▶ [Work task] Exactly the lines below starting at the line with "عناوین روزنامه شوت" and ending at the line with "Le 22 février" are wanted, with both ends included. Leave out the pictures and add no other lines.
### Data excerpts
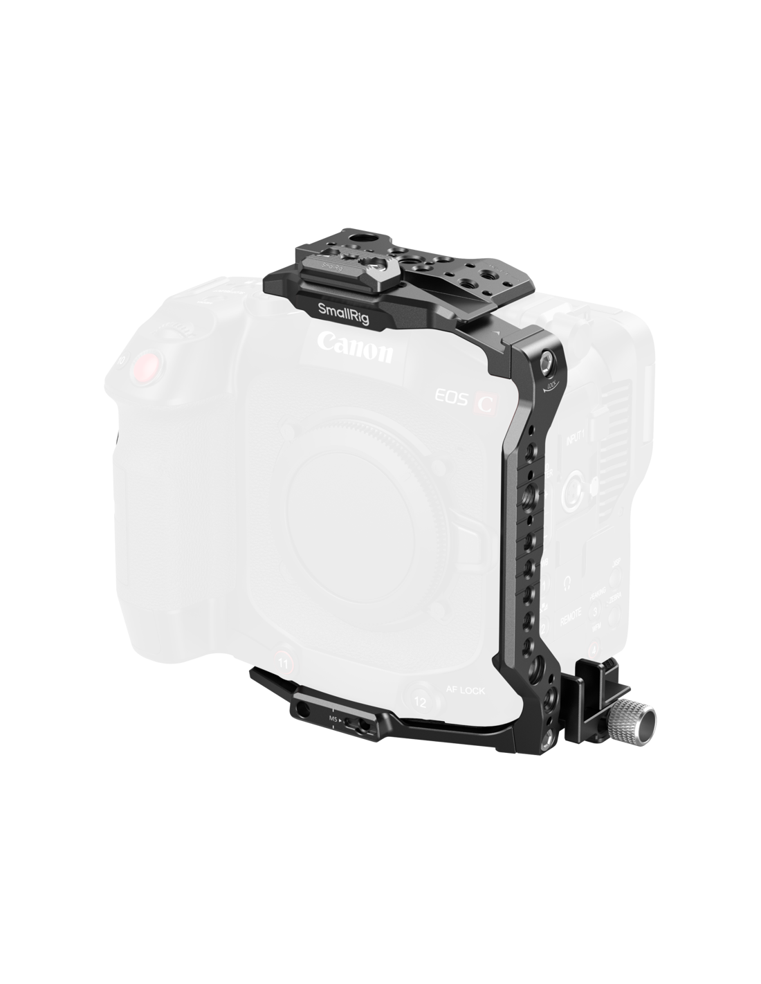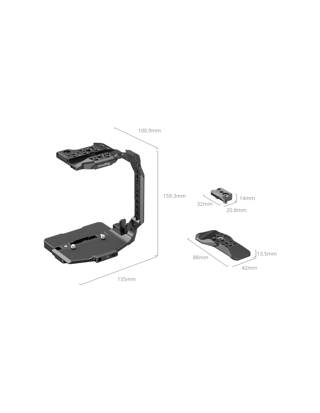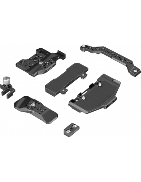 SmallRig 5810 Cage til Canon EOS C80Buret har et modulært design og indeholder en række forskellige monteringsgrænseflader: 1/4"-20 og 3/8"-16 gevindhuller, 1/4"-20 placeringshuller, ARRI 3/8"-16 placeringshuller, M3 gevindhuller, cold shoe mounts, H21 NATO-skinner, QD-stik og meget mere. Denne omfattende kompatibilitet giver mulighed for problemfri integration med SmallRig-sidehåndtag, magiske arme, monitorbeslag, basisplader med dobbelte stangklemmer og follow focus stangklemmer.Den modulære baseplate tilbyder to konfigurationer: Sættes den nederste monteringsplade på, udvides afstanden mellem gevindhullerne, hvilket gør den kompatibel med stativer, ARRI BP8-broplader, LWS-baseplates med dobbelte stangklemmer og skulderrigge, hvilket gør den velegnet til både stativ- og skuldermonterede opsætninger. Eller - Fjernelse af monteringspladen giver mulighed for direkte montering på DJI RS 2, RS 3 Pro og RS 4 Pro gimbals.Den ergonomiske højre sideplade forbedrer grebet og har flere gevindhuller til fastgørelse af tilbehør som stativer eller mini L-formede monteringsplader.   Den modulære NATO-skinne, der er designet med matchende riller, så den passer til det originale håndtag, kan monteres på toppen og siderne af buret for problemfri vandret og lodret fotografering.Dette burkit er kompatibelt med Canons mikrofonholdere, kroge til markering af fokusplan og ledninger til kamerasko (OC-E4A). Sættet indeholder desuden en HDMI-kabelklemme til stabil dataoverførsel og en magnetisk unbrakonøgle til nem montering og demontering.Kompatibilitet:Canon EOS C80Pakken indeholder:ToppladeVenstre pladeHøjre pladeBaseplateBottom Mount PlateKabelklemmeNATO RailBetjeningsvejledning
######
### Data excerpts
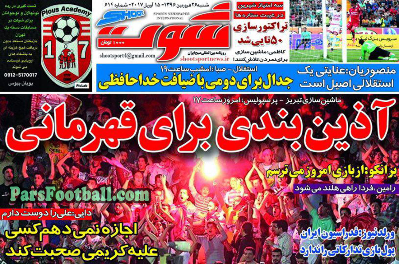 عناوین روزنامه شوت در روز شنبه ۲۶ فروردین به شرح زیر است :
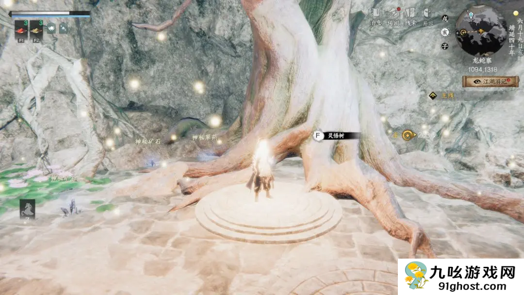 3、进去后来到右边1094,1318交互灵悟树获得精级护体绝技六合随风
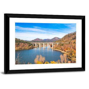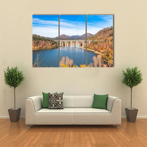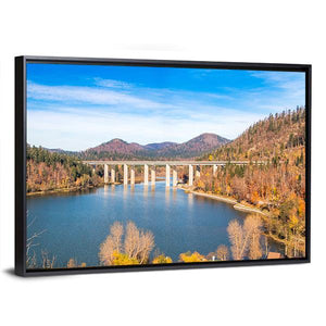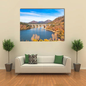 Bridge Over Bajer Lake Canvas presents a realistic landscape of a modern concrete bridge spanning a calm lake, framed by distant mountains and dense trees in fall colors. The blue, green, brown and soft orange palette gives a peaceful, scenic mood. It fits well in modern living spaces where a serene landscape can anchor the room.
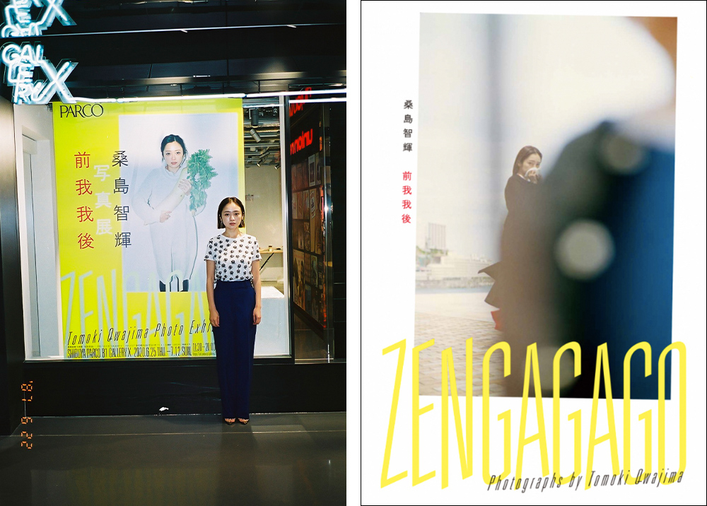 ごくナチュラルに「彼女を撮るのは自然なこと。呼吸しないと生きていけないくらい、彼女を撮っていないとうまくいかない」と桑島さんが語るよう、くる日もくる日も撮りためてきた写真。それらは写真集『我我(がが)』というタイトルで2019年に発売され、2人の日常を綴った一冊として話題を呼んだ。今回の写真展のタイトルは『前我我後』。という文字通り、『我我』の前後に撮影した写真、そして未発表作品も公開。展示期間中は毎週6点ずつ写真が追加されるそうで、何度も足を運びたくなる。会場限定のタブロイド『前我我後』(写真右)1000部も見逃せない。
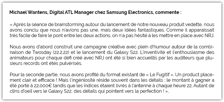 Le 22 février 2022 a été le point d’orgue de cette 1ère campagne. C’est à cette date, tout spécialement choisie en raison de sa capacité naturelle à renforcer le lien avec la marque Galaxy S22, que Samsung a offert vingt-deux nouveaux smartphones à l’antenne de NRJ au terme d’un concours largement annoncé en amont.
######
▶ [Solution for this problem]
 عناوین روزنامه شوت در روز شنبه ۲۶ فروردین به شرح زیر است :
 3、进去后来到右边1094,1318交互灵悟树获得精级护体绝技六合随风
 Bridge Over Bajer Lake Canvas presents a realistic landscape of a modern concrete bridge spanning a calm lake, framed by distant mountains and dense trees in fall colors. The blue, green, brown and soft orange palette gives a peaceful, scenic mood. It fits well in modern living spaces where a serene landscape can anchor the room.
 ごくナチュラルに「彼女を撮るのは自然なこと。呼吸しないと生きていけないくらい、彼女を撮っていないとうまくいかない」と桑島さんが語るよう、くる日もくる日も撮りためてきた写真。それらは写真集『我我(がが)』というタイトルで2019年に発売され、2人の日常を綴った一冊として話題を呼んだ。今回の写真展のタイトルは『前我我後』。という文字通り、『我我』の前後に撮影した写真、そして未発表作品も公開。展示期間中は毎週6点ずつ写真が追加されるそうで、何度も足を運びたくなる。会場限定のタブロイド『前我我後』(写真右)1000部も見逃せない。
 Le 22 février 2022 a été le point d’orgue de cette 1ère campagne. C’est à cette date, tout spécialement choisie en raison de sa capacité naturelle à renforcer le lien avec la marque Galaxy S22, que Samsung a offert vingt-deux nouveaux smartphones à l’antenne de NRJ au terme d’un concours largement annoncé en amont.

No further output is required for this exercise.